Because it’s in the Constitution. Right?

Wrong. The Constitution is not only vague about political parties, I can’t find a sentence in the nation’s document about a single political party.

I am an independent. That means that I do not belong to any political party. Independents bug Democrats and Republicans alike.

Both parties would have us all believe this democratic republic would wither and die without a two-party system.

That’s the way the parties try to make themselves absolutely necessary. They aren’t.

But here’s the way I see the Constitution: Each state can come up with a way to elect and send to Washington two senators and the number of representatives the federal government allows that state.

In the case of West Virginia, the number of representatives is three. I am so old I remember when we sent five — or maybe six. That was before Mountain Mama began to shrivel up and die.

When it comes to the presidency, I believe — but not sure — the Constitution says every state will hold an election on the first Tuesday after the first Monday in November every four years, not to elect a president but to elect electors who will go to Washington later to elect a president.

None of this rigmarole has anything to do with Democrats or Republicans or any other party.

Primaries? Absolutely not necessary and not prescribed by the Constitution. They are creations of political parties, as are party conventions.

What say we do away with parties and primary elections and allow everyone who wants to run for any political office to put their names on the ballot and, once the elections are over, count everything and the one who gets the most votes gets the office he or she seeks.
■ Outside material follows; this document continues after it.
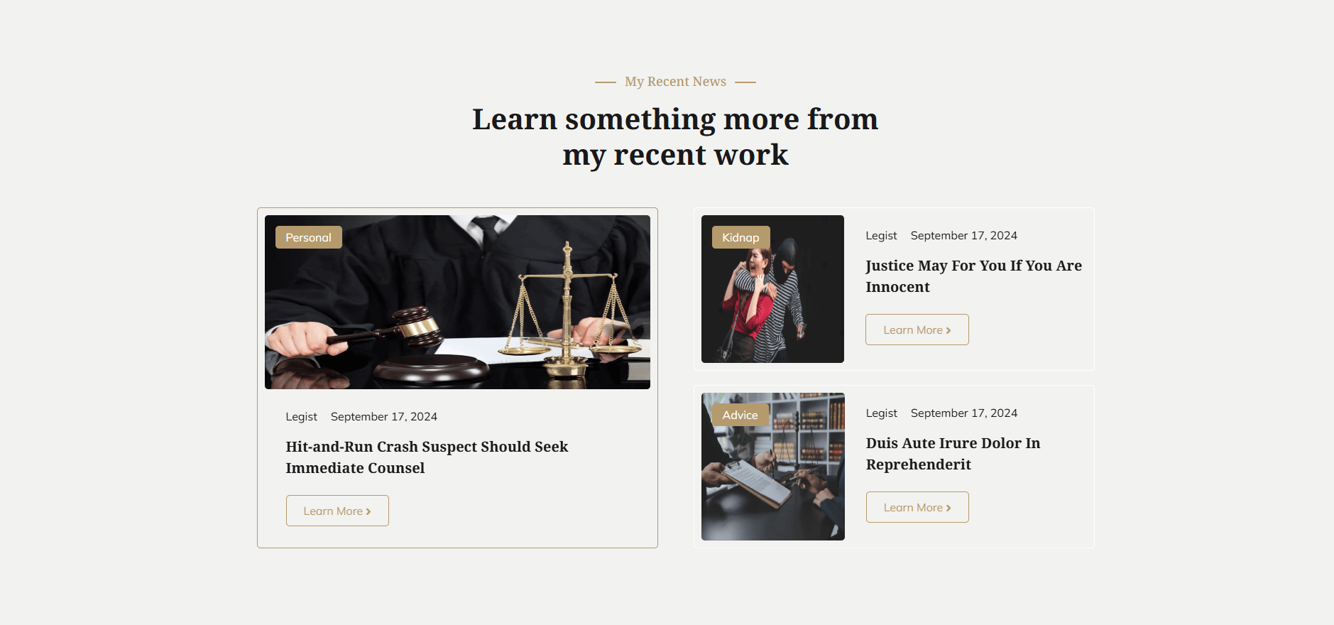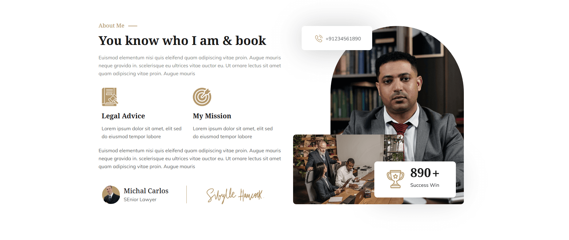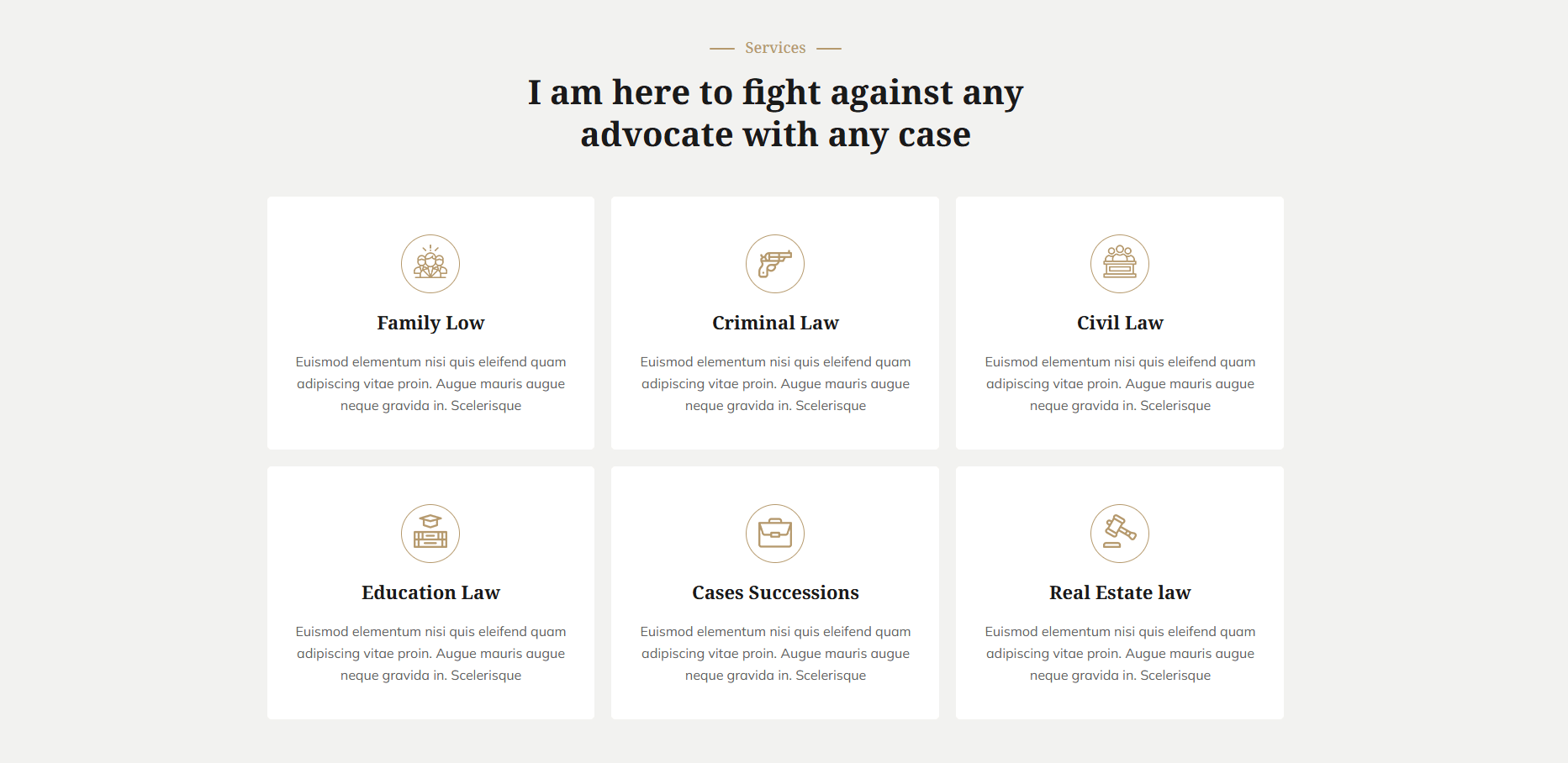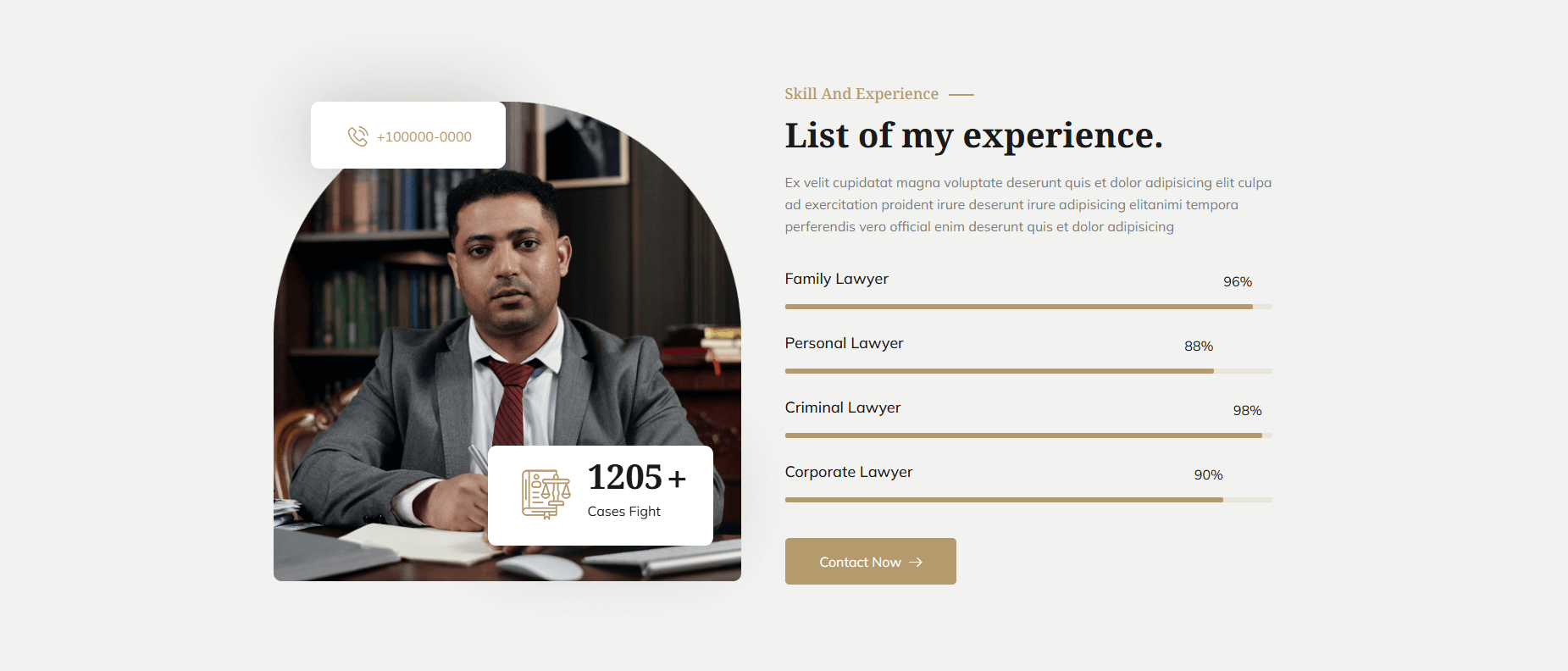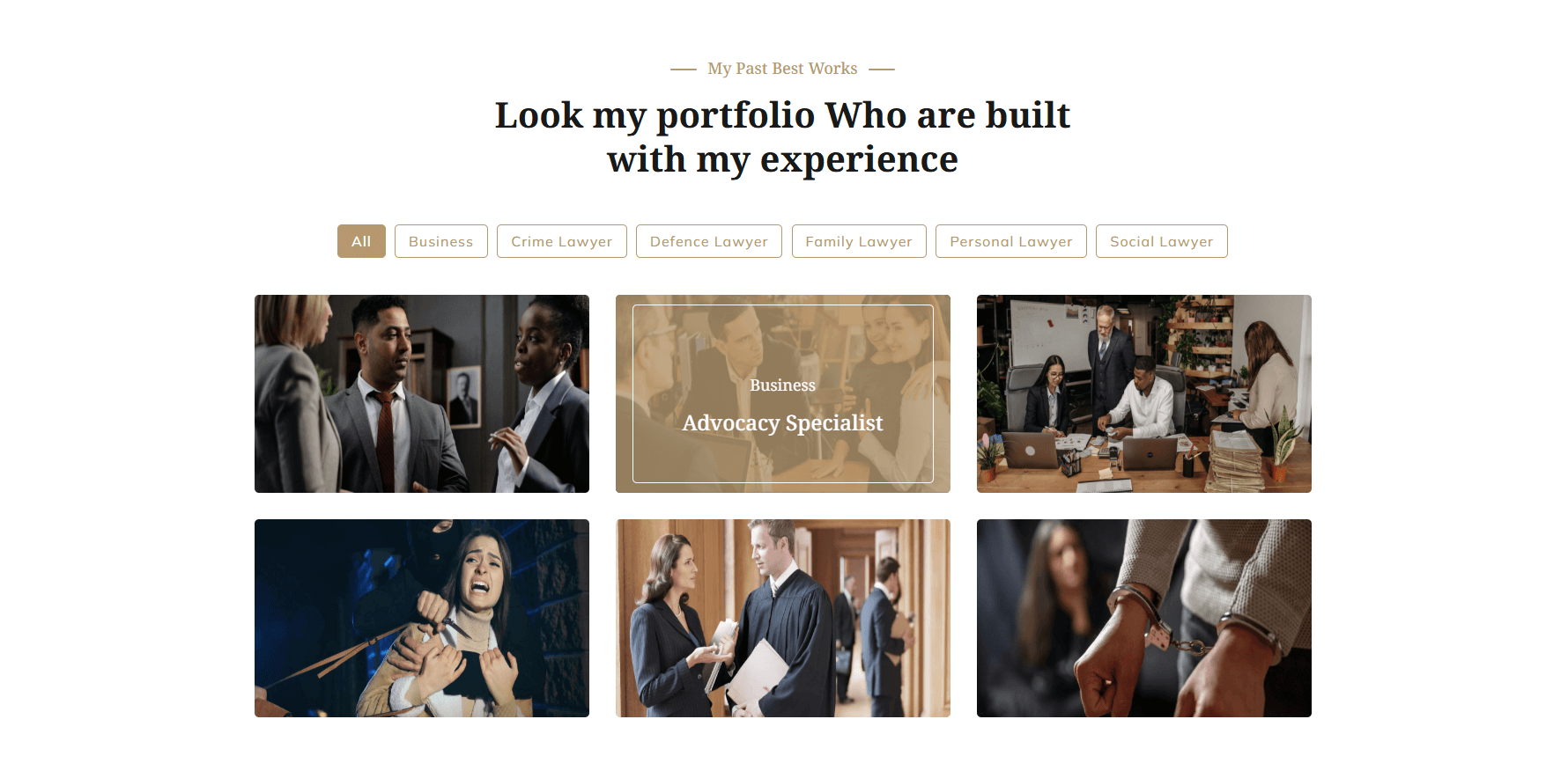 - Built for Lawyers: Dedicated sections for practice areas, case studies, client testimonials, and team profiles to showcase your expertise.

Too complicated, you say? Too chaotic? Remember this: In most presidential elections, about 42 percent of the registered voters don’t vote. Most of those people would say they don’t vote because the candidates of neither party appeal to them and they don’t see either party sending up candidates in the primary election who are worthy to be elected.

I have been an independent for 50 years, and there hasn’t been an election during that time when I haven’t had to hold my nose more than once when I pulled a lever.

I know nothing will change just because I suggest a more democratic way of holding elections. But that doesn’t mean we shouldn’t have more than two parties or no parties at all.

If the parties disappear, there would be less hanky panky and, I suspect, a lot less political stupidity.